Unnamed: 0_level_0,Latitude,Longitude,Elevation,State,StationName,GSN_Flag,HCN_CRN_Flag,WMO_ID
StationID,Unnamed: 1_level_1,Unnamed: 2_level_1,Unnamed: 3_level_1,Unnamed: 4_level_1,Unnamed: 5_level_1,Unnamed: 6_level_1,Unnamed: 7_level_1,Unnamed: 8_level_1
USW00014942,41.3103,-95.8992,299.3,NE,OMAHA EPPLEY AIRFIELD,,,72550.0


In [6]:
def countryCode(row):
    return row['temp_StationID'][:2]

stationsDF['temp_StationID'] = stationsDF.index.values
stationsDF['CountryCode']= stationsDF.apply(countryCode, axis=1)
stationsDF.drop(columns=['temp_StationID'],inplace=True)

In [7]:
stationsDF[stationsDF['StationName'].str.contains('EPPLEY')]

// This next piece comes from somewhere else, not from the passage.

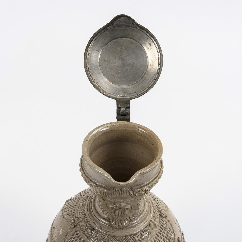 Gründerzeit-Reliefkanne mit Zinndeckel.
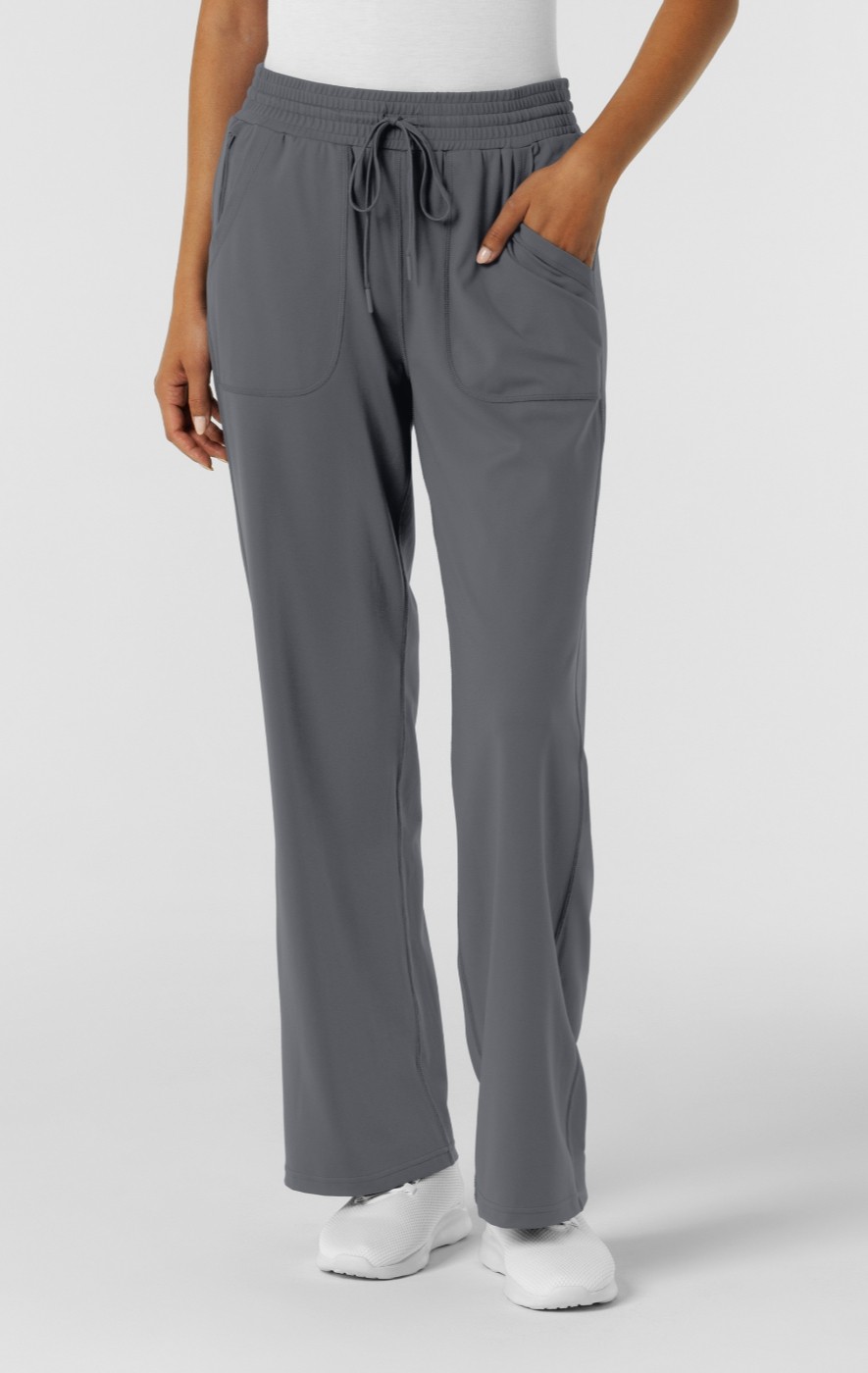 These women's scrub pants have a comfortable build crafted from a highly stretchy knit material that includes recycled materials. These pants are both gentle on the planet and incredibly comfortable against your skin. You can move freely and confidently, knowing your attire is both eco-conscious and exceptionally comfortable. The easy, wide-leg design offers a flattering and modern silhouette while providing unrestricted movement throughout your busy shift. The wide mid-rise waistband ensure a secure and supportive fit that won't dig or bind. But comfort doesn't mean sacrificing functionality. These scrub pants are loaded with pockets to keep you organized and prepared. A secure side Pocket Mate zip pocket provides safe storage for valuables and essentials, ensuring peace of mind as you navigate your workday. With their combination of exceptional comfort, thoughtful design, and sustainable materials, these scrub pants redefine what it means to wear scrubs.

Unnamed: 0_level_0,Latitude,Longitude,Elevation,State,StationName,GSN_Flag,HCN_CRN_Flag,WMO_ID,CountryCode
StationID,Unnamed: 1_level_1,Unnamed: 2_level_1,Unnamed: 3_level_1,Unnamed: 4_level_1,Unnamed: 5_level_1,Unnamed: 6_level_1,Unnamed: 7_level_1,Unnamed: 8_level_1,Unnamed: 9_level_1
USW00014942,41.3103,-95.8992,299.3,NE,OMAHA EPPLEY AIRFIELD,,,72550.0,US


### 8/5/2018 | Added metadata tables to give aliases for countries and states
Joining to ghcnd-countries.txt on the CountryCode column<br>
Joining to ghcnd-states.txt on the State column

In [10]:
countriesDF = pd.read_fwf('ghcnd-countries.txt',header=None,delimiter=' ',names=['CountryCode','CountryName'])
countriesDF.head()

Unnamed: 0,CountryCode,CountryName
0,AC,Antigua and Barbuda
1,AE,United Arab Emirates
2,AF,Afghanistan
3,AG,Algeria
4,AJ,Azerbaijan


In [13]:
stations_DF2 = pd.merge(stationsDF,countriesDF,on='CountryCode',how='left')
stations_DF2[stations_DF2['StationName'].str.contains('EPPLEY')]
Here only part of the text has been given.